Thursday, October 29, 2009

Guide to Getting Rich

When I first found out about this book I thought the title was right on the money.(No pun intended) But having read this book, the title should be Guide to Getting Rich Slowly.

The book doesn't talk about budgeting but it is big on saving. In my first post on the Total Money Makeover, Dave Ramsey talks about the importance of budgeting and having an emegency fund. The Guide to Getting Rich in fact is through saving. The whole idea is to fiqure out how much money you need for your TPG or Total Portfolio Goal.
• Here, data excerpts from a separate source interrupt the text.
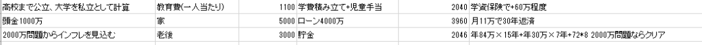 学費や2000万問題にどう対処していくかを計算する必要があります。学費ですが、高校まで公立、大学は私立として計算すると一人あたり1100万程度かかります。老後2000万問題もインフレによってさらに必要な額が増える可能性もあります。
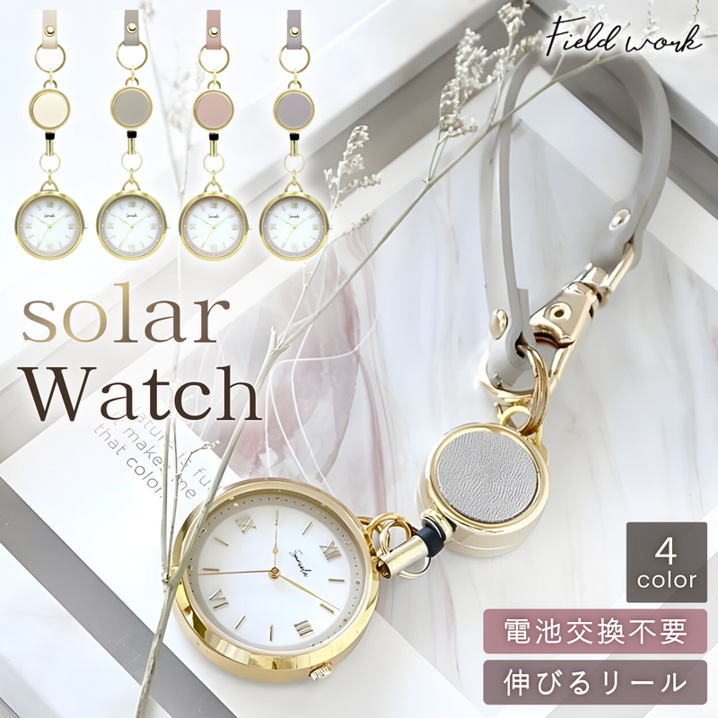 懐中時計 レディース ソーラー サウレ フィールドワーク キーチェーンウォッチ ストラップウォッチ おしゃれ 見やすい 日本製ムーブメント 1年保証
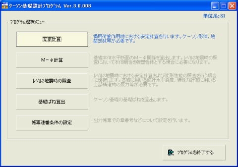 道路橋示方書(平成14年3月)に準拠したケーソン基礎の安定計算プログラム。常時,暴風時,レベル1地震時およびレベル2地震時の安定照査を行う。根入れの浅いケーソン基礎を直接基礎として設計する場合にも対応。
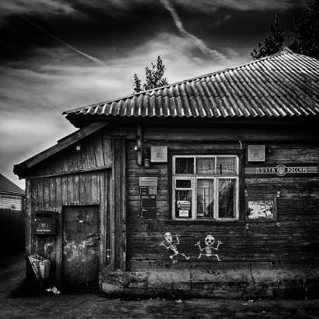 Хорошо бы, чтобы долгожданного письма дождались-таки, прежде чем такое почтовое отделение обратится в руины! Чёрно-белый стиль тут уместен! |
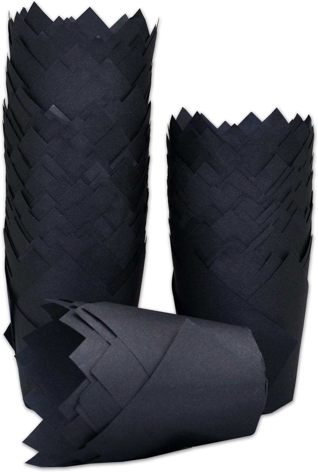 Black color Large size Tulip Baking Cups 2-1/4"(Base diameter) x 4"(Wall height) Parchment paper baking cupcake Muffin liners, Case of 130 pcs
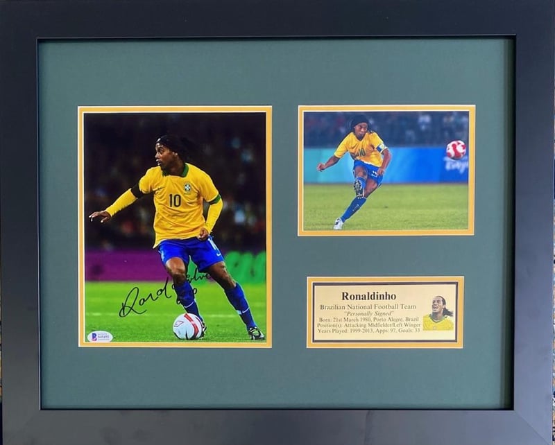 RONALDINHO (BRAZIL) PERSOANLLY SIGNED 10" X 8" PHOTOGRAPH (BECKETT COA)Framed Using Double Mats, 2 Unsigned Photographs And A Plaque. Hand Signed By Ronaldinho Using A Black MarkerAccompanied By A Certificate Of Authenticity From BeckettCondition: Good - Refer Images488575+21
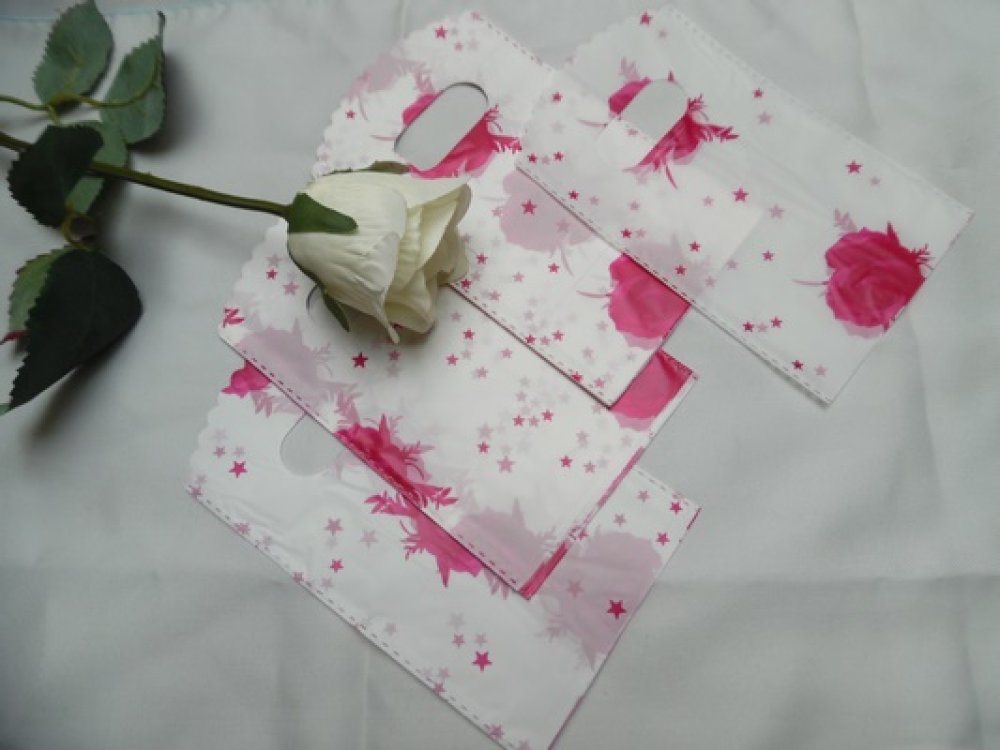 Lot de 10 Pochettes Souple Fine à Fleur Rose Blanc Rose en Plastique Souple 15x9cm Rebord Ondulé
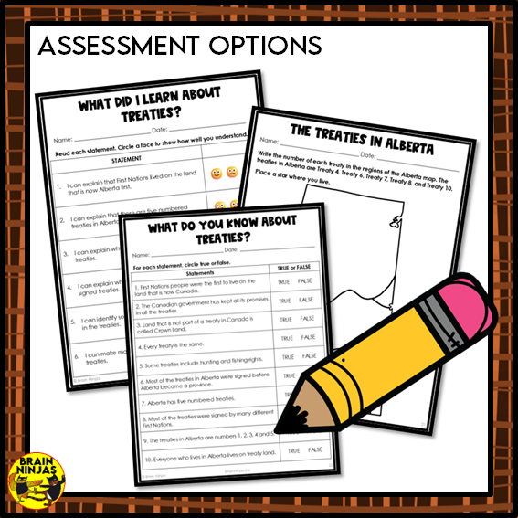 - simple quizzes and assessment activities to see what students have learned about the treaties in Alberta.
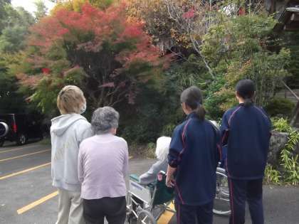 利用者さんの車いすを押しながら、病院の敷地内の紅葉を見に行きまし
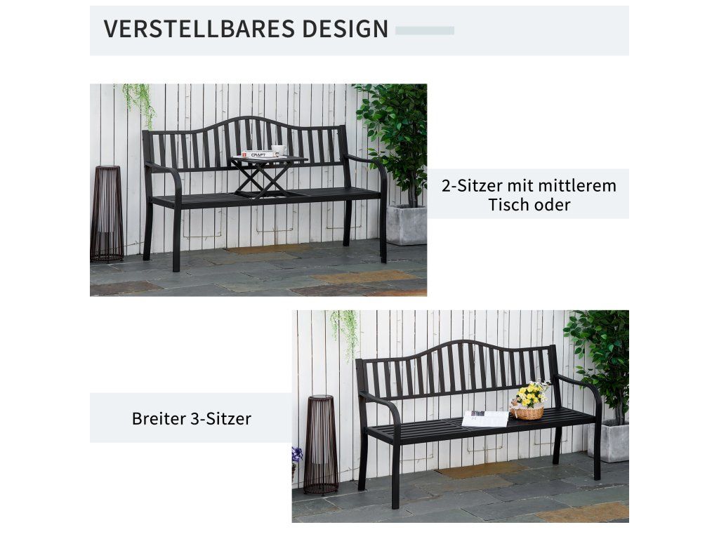 VŠESTRANNÝ DESIGN: Transformuje se z trojmístné zahradní lavice na dvoumístnou s odkládacím stolkem. Ideální pro relaxaci na slunci nebo pro trávení času venku během přestávky na kávu.

The TPG is based on the amount of money you need to have a certain income. When you have the TPG established you then determine how much money you need to save or your total saving goal (TSG)

In essence your TSG builds your TPG which will allow for the money that you targeted to be given to you as interest. Saving is the key. But in order to save you have to first get out of debt. There is a little bit of math in the book such as multiplication and division. I highly recommend this book as I do all the books in this blog.

Tuesday, October 20, 2009

Looking at your situation

In my spare time I used to create an income statement and networth statement at the end of the year and this gave me a good idea of where we were financially. My wife and I also got a chance to see where the holes where and what we could do to fix them.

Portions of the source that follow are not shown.